Mr Cooke's family had a greengrocery business in Nuneaton and it was while he was visiting his mother there that "Shepperton" got its name. He had acquired the house and orchard a short time previously and his mother asked if he had decided on a name for it. He hadn't so his mother suggested Shepperton, a name that kept cropping up in a library book she was reading. So that is what he did, I know that is true because Mrs Cooke told me herself. When the house was pulled down and the orchard was cleared to make way for new housing in the early 1970's the name was retained and the development was named Shepperton Close. Personally I think it is a very nice name for that area.

Village at War

The Home Guard was born out of the L.D.V. (Local Defence Volunteers). In 1940/41 when the invasion scare swept the Country the Government decided to ask for volunteers for the L.D.V. the defences of the Country were in such a poor state that men who answered the call had no rifles issued, there were only just enough for the small regular army. The truth is that in the early days men in the L.D.V. were on patrol after a days work with nails on the end of sticks.

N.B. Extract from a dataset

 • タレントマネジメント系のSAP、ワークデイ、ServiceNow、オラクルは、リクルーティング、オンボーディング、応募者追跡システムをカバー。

As the Home Guard increased in numbers the men were issued with Army uniforms but for a time they still had to wait for rifles which eventually came from America and Canada. The purpose of the Home Guard was to harass and delay the enemy to help the Regular Army.
As time went by the number joining the home Guard increased, as a result the rough total of men reached about 2½ million. As rifles began to arrive every man received, at least, a weapon. Having lost a very large amount of equipment in France after Dunkirk our Army and Airforce was very much depleted but always being a sea-power we did have a strong Navy. After the war I heard a radio correspondent say that in 1939/40 the defences around our coast were no stronger than chicken wire.

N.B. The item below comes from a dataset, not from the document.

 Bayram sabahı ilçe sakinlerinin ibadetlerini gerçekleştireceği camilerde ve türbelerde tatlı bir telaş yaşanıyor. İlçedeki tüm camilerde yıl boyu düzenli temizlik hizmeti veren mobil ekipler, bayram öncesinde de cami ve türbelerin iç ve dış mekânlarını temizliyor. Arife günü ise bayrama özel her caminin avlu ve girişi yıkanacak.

Every city, town and village had its platoon of Home Guard, men who gave up their evenings to train and then go off to work the next day. The Castlethorpe Home Guard Headquarters was the Carrington Arms (most villages used the pub). Lectures on hand grenades, anti-tank stick on mines, unarmed combat etc. took place in the Carrington School, now of course the Village Hall. The majority of the Castlethorpe Platoon were middle aged men the platoon was about thirty strong. Night exercises took place from time to time, very often in conjunction with the South Northants Home Guard. Everyone went off to their place of work the next day, I remember once walking along the side of the railway from Ashton arriving home at 5.30 am.

The Marquis of Donegall gave the following tribute to the Home Guard in 1943 :-

"The Home Guard is the unpaid, part-time, part worn, couponless, sockless and breathless army. They were supposed to know the weight, killing power, mechanism and working parts of the rifle, several machine guns, countless grenades and a number of strange guns; know all about extermination, decontamination, detonation, consolidation, to say nothing of salvation; recognise the description of aeroplanes, tanks of all nations at sight, and know how to deal with them and support the regulars; incidentally they are supposed to earn their own living if time permits."

We did not have a large Regular Army, especially after Dunkirk and everyone expected the Germans to invade during 1940/41. Road blocks were put across every entrance to the village each evening. These consisted of two old telegraph poles bolted together with barbed wire on top and an old cartwheel attached to one end (there were plenty of old cartwheels from the farms in those days). The other end of the poles was hinged in some way. The whole contraption could then be rolled out across the road. The purpose of this was to delay German Tiger tanks, these would of course have broken them up like matchsticks. Everyone was sure that the Germans would use gas, even in the Blitz with bombs. Gas masks were issued to every man, woman and child, even babies. The gas masks were issued in cardboard boxes and the orders were to take them everywhere you went, day and night.

Over my years I have seen great changes in Castlethorpe, I have been very lucky to have witnessed it, as my mother would say about her life :- "I have lived from the horse and cart to the Concorde."